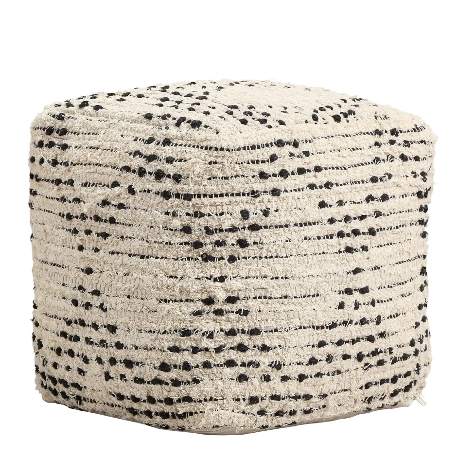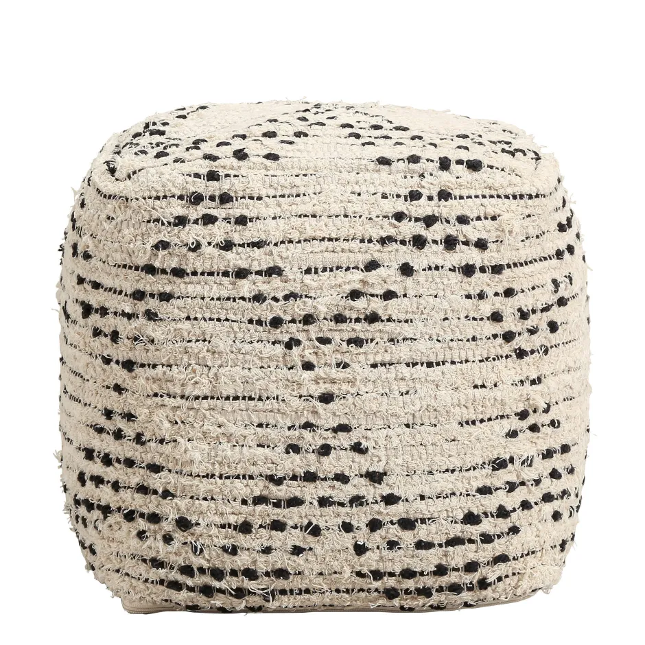 Poef Qala Is Niet Alleen Fijn Als Extra Zitplek Of Voetensteun, Maar Is Ook Een Echte Eyecatcher In Je Interieur! De Vierkante Poef Heeft Een Volumineus Uiterlijk En Een Zwart Stipjes Patroon In Ruit Vorm. Dit Geeft Qala Een Speels En Vrolijk Karakter. Qala Voelt Zich Thuis In Vrijwel Iedere Woonstijl En Geeft Je Woonkamer Net Even Iets Extra’S. Poef Qala Is Ook Verkrijgbaar In De Kleur Ivoor/Roze. Je Shopt De Qala Poef Nu In De Collectie Van Nous Living. Voor Welke Ga Jij?
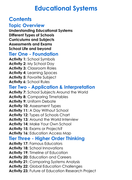 Educational Systems Worksheet Activity Booklet
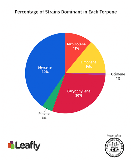 Myrcene is also the most likely cannabis terpene to be dominant in flower. A strain’s “dominant” terpene is simply the terpene present at the highest level. In modern commercial cannabis, only a limited number of terpenes show up as dominant even though there are many more cannabis terpenes in a strain’s overall profile.
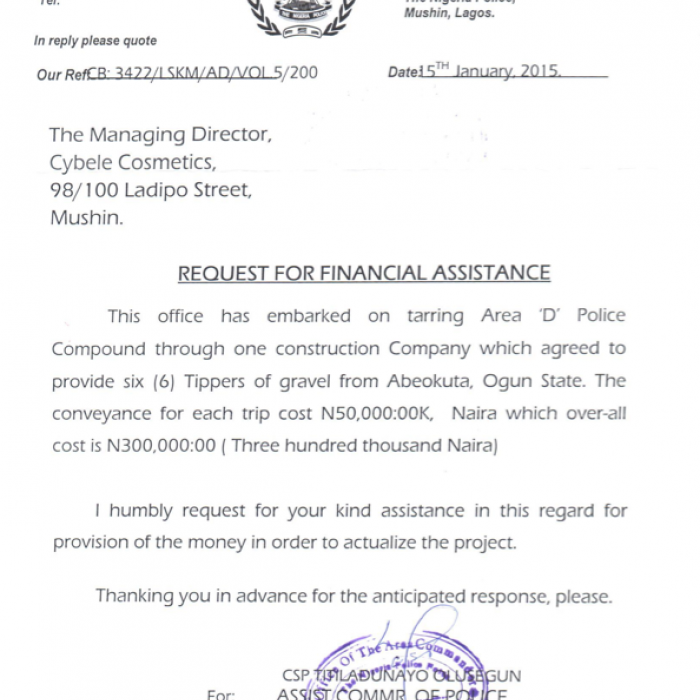 Cybele Cosmetics limited is always at the vanguard when it comes to supporting the Nigeria police in their work of protecting life and property. This was shown in the recent presentation of a sizable cheque to the Assistant Commissioner of police in Area D (Mushin) on the 21st of January 2015 in support of their on-going project at the police station.
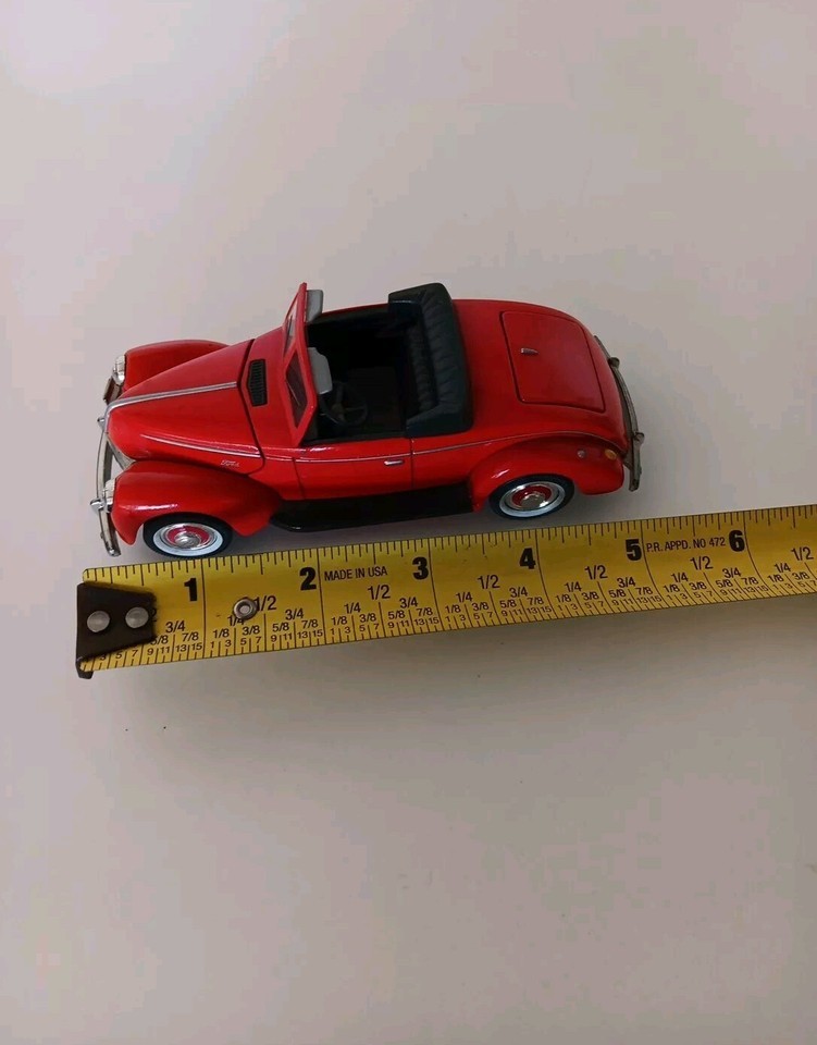 This 1940 Red Ford V-8 Roadster diecast model by Golden Wheel is a must-have for any car enthusiast. With approximately 5 inches in length, this red car features an opening hood and rumble seat, making it a perfect addition to any collection. The model is recommended for ages 15 and up. Add it to your collection today. Normal wear. See Pictures.
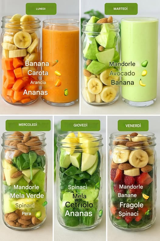 Cerchi un’idea per rendere le tue giornate più sane e deliziose? Questo piano settimanale di frullati è la risposta perfetta. Ogni giorno un gusto nuovo, con ingredienti naturali che favoriscono energia, digestione, idratazione o semplicemente offrono una pausa gustosa. Puoi personalizzare ogni ricetta in base alle tue esigenze e gusti.
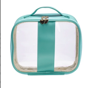 Necessaire impermeável de PVC e PU tamanho P, parte interna com revestimento em tecido, possui alça superior para as mãos, e detalhe dourado em formato de coração no zíper.
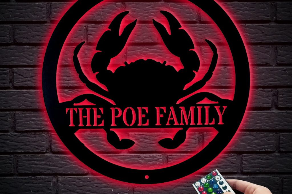 Custom Crab metal sign, Personalized LED Wall Art, Beach Decor, Outdoor Wall Decor for Indoor or Outdoor Display, LED Wall Art
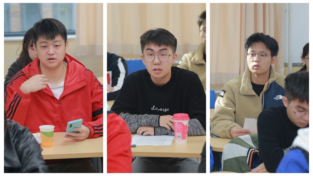 本科生代表表达了职业生涯该如何规划的疑惑。对此,老师提出了几点建议:同学们可以积极参与创新创业、暑期社会实践等活动,提升综合实力;积极参与企业进校园活动,了解企业内部的结构与知识,进一步了解社会。同时老师们也指出,在同学们明目标、思规划时,必须要把小我放到大我之中,在实现自身价值的同时也要思考自己对祖国复兴事业的贡献。
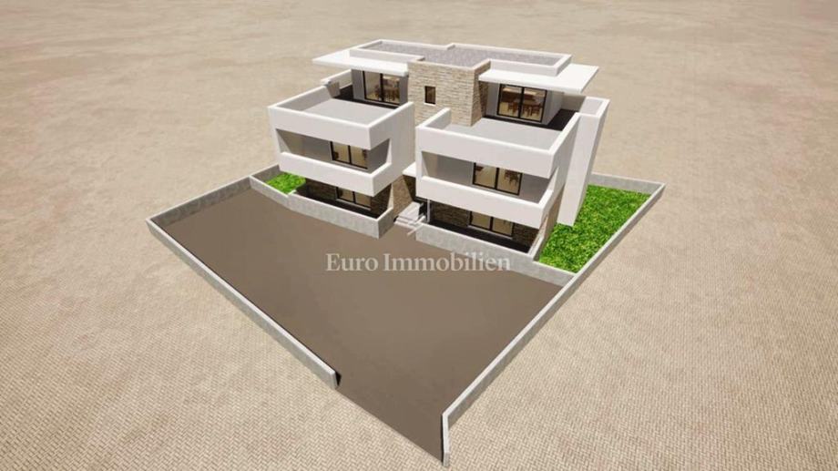 Stan se nalazi u stambenoj zgradi koja ima ukupno 4 stana. Sastoji se od kuhinje, blagovaonice, dnevnog boravka, dvije spavaće sobe, hodnika i natkrivene terase. Podno grijanje nalazi se u dnevnom boravku i kupaonici. Na drugom katu/krovnoj terasi smješteni su kuhinja, blagovaonica, WC, te natkrivena i nenatkrivena terasa. Osigurano je jedno parking mjesto. Udaljenost od mora iznosi 600 m. Stan je opremljen klimom u dnevnom boravku, dok će u sobama biti priprema za klima uređaje. Plaćanje po fazama gradnje.
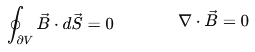 ![]() (On donnera de la même façon les formes intégrales et différentielles pour les trois autres lois. NB : le point (.) désigne le produit scalaire, le lambda majuscule (Λ) désigne le produit vectoriel. Le symbole ∇ (nabla) peut désigner différents opérateurs : ∇. = divergence (div); ∇Λ = rotationnel (rot)).Loi de Gauss pour le magnétisme. Il n'existe pas de monopôles magnétiques. La deuxième équation, la loi de Gauss pour le magnétisme, stipule que les distributions des sources magnétiques sont toujours neutres dans le sens où elles ont un pôle nord et un pôle sud, autrement dit que le flux du champ magnétique à travers n'importe quelle surface fermée est toujours nul. Cela traduit mathématiquement le fait qu'il n'existe pas de monopôles magnétiques. Les lignes de champ magnétique se referment toujours sur elles-mêmes, formant des boucles continues. - ![]() Loi de l'induction
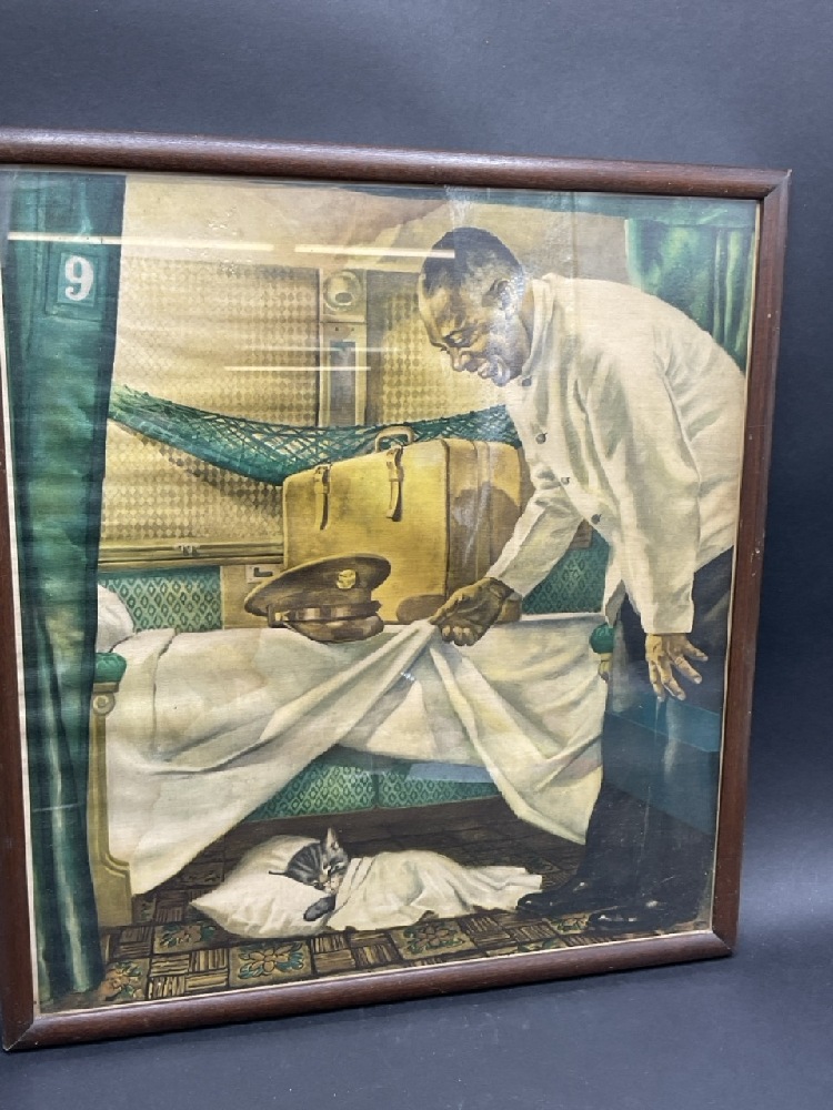 Rare Original Chessie Cat Print from the 1930's or 40's featuring the Stowaway Chessie Cat in the Air Conditioned Railroad Car with Black American Conductor. This is not a reproduction. Housed in Original Frame.
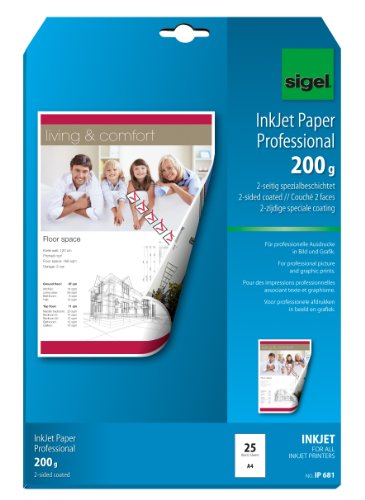 Sigel IP681 InkJet-Papier, 2seitig spezialbeschichtet matt, hochweiß, beidseitig bedruckbar, 200 g, A4, 25 Blatt Feature
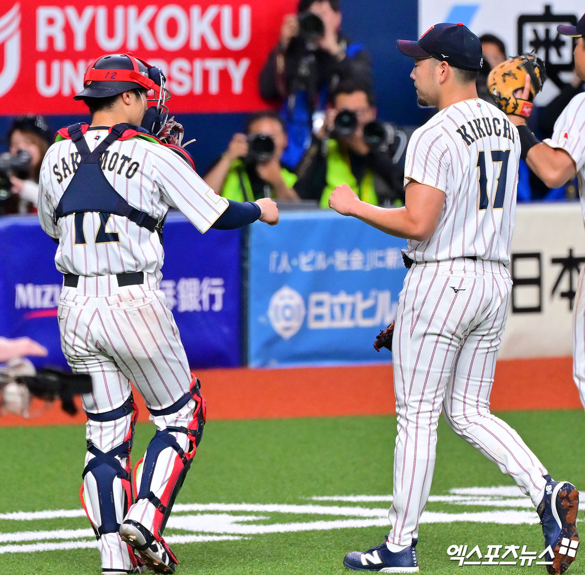 (엑스포츠뉴스 오사카(일본), 김한준 기자) 2일 오후 일본 오사카 교세라돔에서 열린 일본과 오릭스 버팔로스의 평가전 경기, 1회말 수비를 마친 일본 기쿠치가 사카모토와 대화를 나누고 있다.
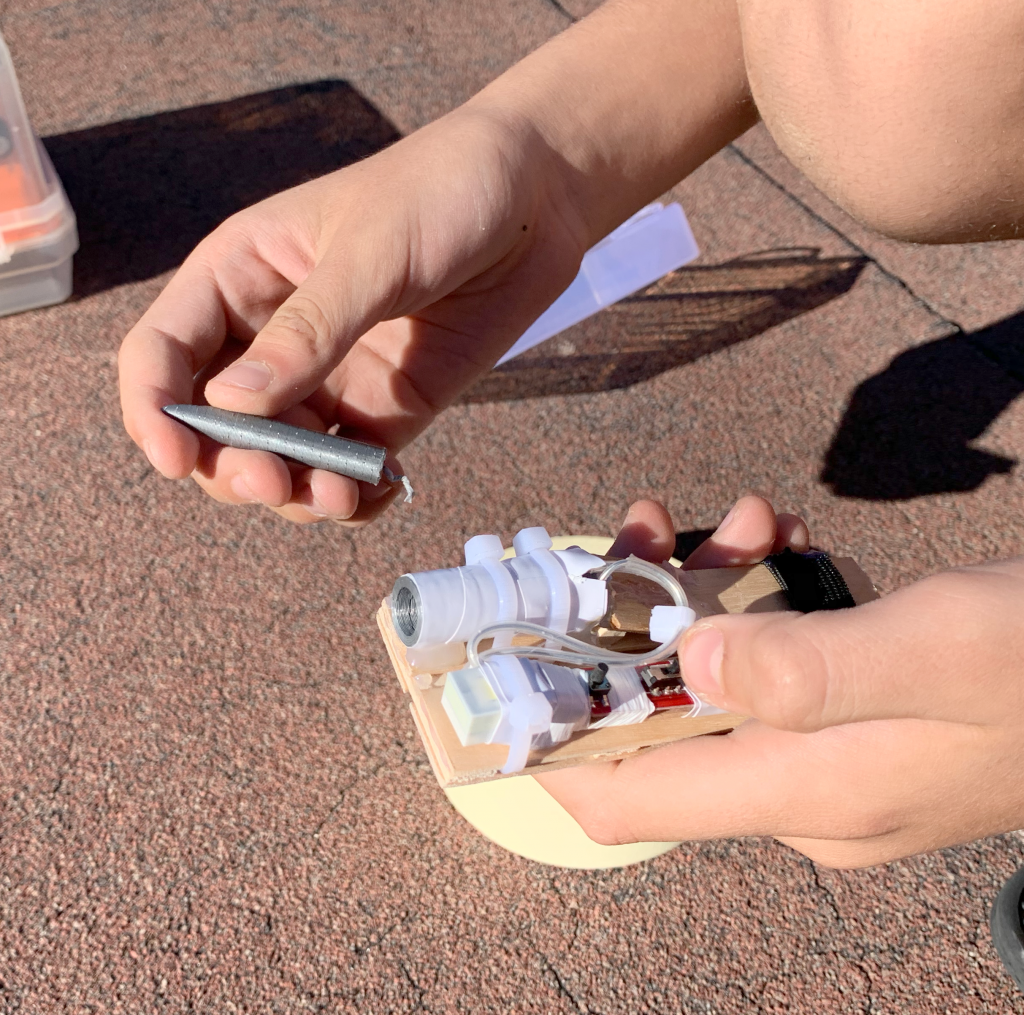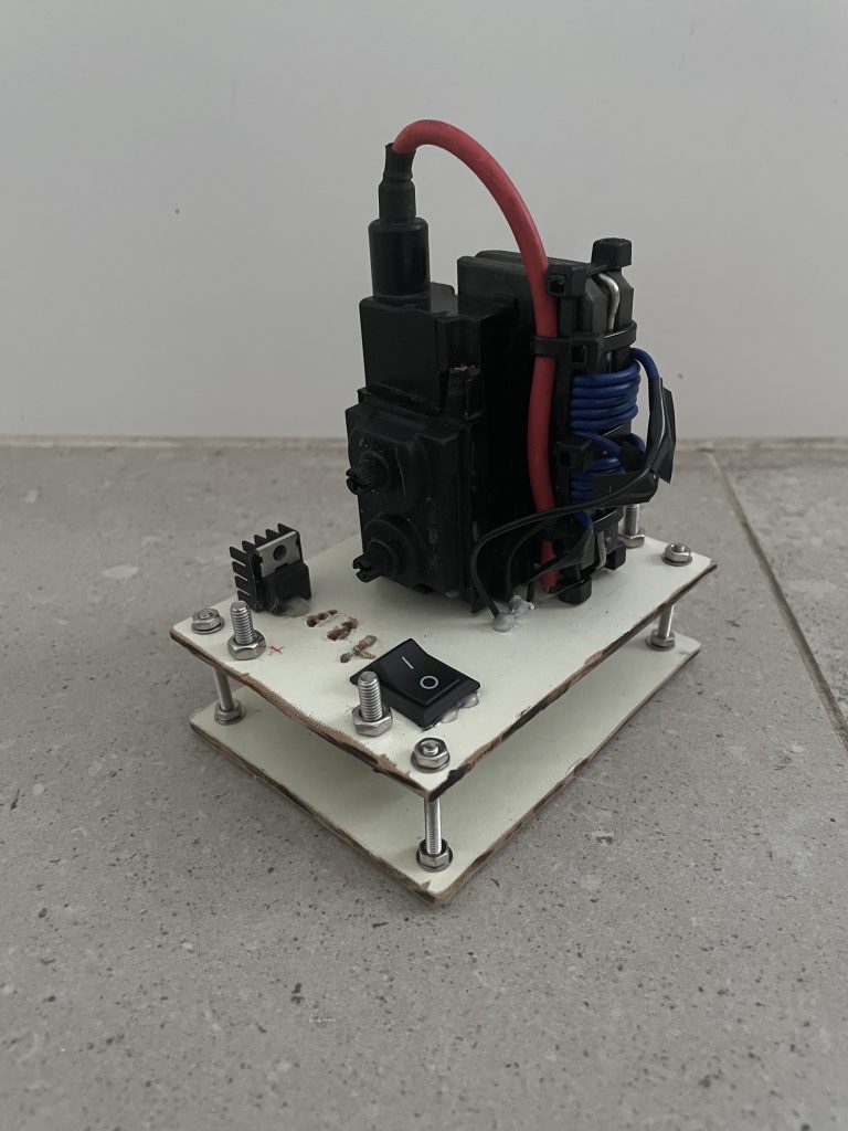 How I built it was simple, the firecrackers had a fuse, so I needed a way to light it and a barrel to put the rocket in. For the ignition I used an arc lighter, which creates a small electric arc that can light things on fire.
- - -
TRY IT: Only the pictures should be left out; the rest of the material above must be repeated exactly.

EXERCISE RESULT:
 Poef Qala Is Niet Alleen Fijn Als Extra Zitplek Of Voetensteun, Maar Is Ook Een Echte Eyecatcher In Je Interieur! De Vierkante Poef Heeft Een Volumineus Uiterlijk En Een Zwart Stipjes Patroon In Ruit Vorm. Dit Geeft Qala Een Speels En Vrolijk Karakter. Qala Voelt Zich Thuis In Vrijwel Iedere Woonstijl En Geeft Je Woonkamer Net Even Iets Extra’S. Poef Qala Is Ook Verkrijgbaar In De Kleur Ivoor/Roze. Je Shopt De Qala Poef Nu In De Collectie Van Nous Living. Voor Welke Ga Jij?
 Educational Systems Worksheet Activity Booklet
 Myrcene is also the most likely cannabis terpene to be dominant in flower. A strain’s “dominant” terpene is simply the terpene present at the highest level. In modern commercial cannabis, only a limited number of terpenes show up as dominant even though there are many more cannabis terpenes in a strain’s overall profile.
 Cybele Cosmetics limited is always at the vanguard when it comes to supporting the Nigeria police in their work of protecting life and property. This was shown in the recent presentation of a sizable cheque to the Assistant Commissioner of police in Area D (Mushin) on the 21st of January 2015 in support of their on-going project at the police station.
 This 1940 Red Ford V-8 Roadster diecast model by Golden Wheel is a must-have for any car enthusiast. With approximately 5 inches in length, this red car features an opening hood and rumble seat, making it a perfect addition to any collection. The model is recommended for ages 15 and up. Add it to your collection today. Normal wear. See Pictures.
 Cerchi un’idea per rendere le tue giornate più sane e deliziose? Questo piano settimanale di frullati è la risposta perfetta. Ogni giorno un gusto nuovo, con ingredienti naturali che favoriscono energia, digestione, idratazione o semplicemente offrono una pausa gustosa. Puoi personalizzare ogni ricetta in base alle tue esigenze e gusti.
 Necessaire impermeável de PVC e PU tamanho P, parte interna com revestimento em tecido, possui alça superior para as mãos, e detalhe dourado em formato de coração no zíper.
 Custom Crab metal sign, Personalized LED Wall Art, Beach Decor, Outdoor Wall Decor for Indoor or Outdoor Display, LED Wall Art
 本科生代表表达了职业生涯该如何规划的疑惑。对此,老师提出了几点建议:同学们可以积极参与创新创业、暑期社会实践等活动,提升综合实力;积极参与企业进校园活动,了解企业内部的结构与知识,进一步了解社会。同时老师们也指出,在同学们明目标、思规划时,必须要把小我放到大我之中,在实现自身价值的同时也要思考自己对祖国复兴事业的贡献。
 Stan se nalazi u stambenoj zgradi koja ima ukupno 4 stana. Sastoji se od kuhinje, blagovaonice, dnevnog boravka, dvije spavaće sobe, hodnika i natkrivene terase. Podno grijanje nalazi se u dnevnom boravku i kupaonici. Na drugom katu/krovnoj terasi smješteni su kuhinja, blagovaonica, WC, te natkrivena i nenatkrivena terasa. Osigurano je jedno parking mjesto. Udaljenost od mora iznosi 600 m. Stan je opremljen klimom u dnevnom boravku, dok će u sobama biti priprema za klima uređaje. Plaćanje po fazama gradnje.
 ![]() (On donnera de la même façon les formes intégrales et différentielles pour les trois autres lois. NB : le point (.) désigne le produit scalaire, le lambda majuscule (Λ) désigne le produit vectoriel. Le symbole ∇ (nabla) peut désigner différents opérateurs : ∇. = divergence (div); ∇Λ = rotationnel (rot)).Loi de Gauss pour le magnétisme. Il n'existe pas de monopôles magnétiques. La deuxième équation, la loi de Gauss pour le magnétisme, stipule que les distributions des sources magnétiques sont toujours neutres dans le sens où elles ont un pôle nord et un pôle sud, autrement dit que le flux du champ magnétique à travers n'importe quelle surface fermée est toujours nul. Cela traduit mathématiquement le fait qu'il n'existe pas de monopôles magnétiques. Les lignes de champ magnétique se referment toujours sur elles-mêmes, formant des boucles continues. - ![]() Loi de l'induction
 Rare Original Chessie Cat Print from the 1930's or 40's featuring the Stowaway Chessie Cat in the Air Conditioned Railroad Car with Black American Conductor. This is not a reproduction. Housed in Original Frame.
 Sigel IP681 InkJet-Papier, 2seitig spezialbeschichtet matt, hochweiß, beidseitig bedruckbar, 200 g, A4, 25 Blatt Feature
 (엑스포츠뉴스 오사카(일본), 김한준 기자) 2일 오후 일본 오사카 교세라돔에서 열린 일본과 오릭스 버팔로스의 평가전 경기, 1회말 수비를 마친 일본 기쿠치가 사카모토와 대화를 나누고 있다.
 How I built it was simple, the firecrackers had a fuse, so I needed a way to light it and a barrel to put the rocket in. For the ignition I used an arc lighter, which creates a small electric arc that can light things on fire.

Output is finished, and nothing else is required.